The amount of data available to researchers has been steadily growing. But even though large-scale, openly shared datasets give scientists across disciplines unique research opportunities, they also pose big challenges. Researchers at the Human Brain Project have proposed a new framework for the reproducible processing of large-scale data, which aims to tackle these challenges.
This great amount of data needs to be findable, accessible, interoperable and reusable – what is called the FAIR principles. One of the challenges is that the processing of biomedical datasets is rarely fully transparent. As they contain personal data, there are restrictions to their usage and distribution.
The proposed free and open-source framework attempts to reduce complexities of data processing.
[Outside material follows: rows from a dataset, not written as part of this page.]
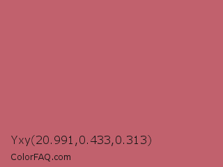 Yxy 20.991,0.433,0.313 Color is a normal red color and the nearest color is Fuzzy Wuzzy #cc6666. Hex code #c1616d and RGB value is rgb(193,97,109). In RGB color space, this color is composed of 76% red, 38% green, 43% blue, In CMYK color space, this color is composed of 0% cyan, 50% magenta, 44% yellow , 24% black , In HSL color space, this color has a hue angle of 353° , 44% saturation and 57% lightness.
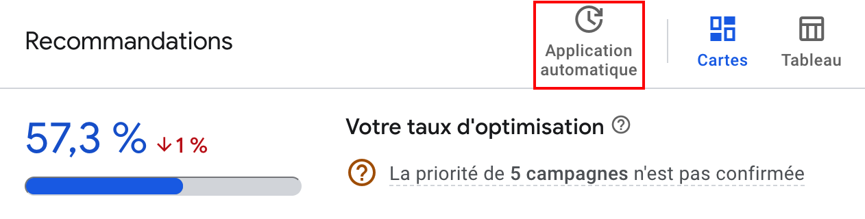 Il est possible pour les annonceurs de pouvoir appliquer automatiquement les recommandations Google Ads à leurs campagnes.
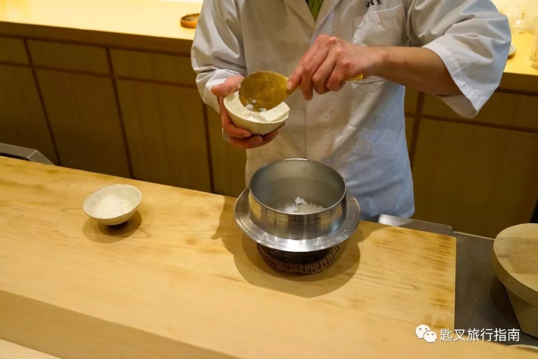 这里没用惯常的腌菜, 而是采用金黄色的新鲜乌鱼子、新鲜黑胡椒和盐昆布来配, 这时候还上了一碗救世主般的白米饭。
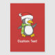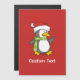 Um pequeno desenho animado de pinguim com chapéu de santa e cachecol verde andando na neve.
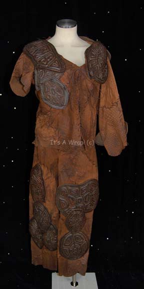 A costume featured in the Star Trek: Enterprise episode “Terra Nova”; wherein the “Enterprise NX-01” discovers the fate of the lost first Earth colony. This costume consists of trousers and a top made of brown roughly cut leather pieces that have been hand stitched together. Attached to the legs, arms … |

It employs a range of software tools for data, code and computational management to apply from software engineering to computational research.
Led by Michael Hanke, a group leader at the Institute for Brain and Behaviour at Forschungszentrum Juelich, the researchers demonstrated the scalability of the framework with analyses on one of the largest brain imaging datasets, the UK Biobank imaging data. Another showcase, using the studyforrest.org, highlights the framework’s performance on data sharing and transparency. The results were published in Nature Scientific Data.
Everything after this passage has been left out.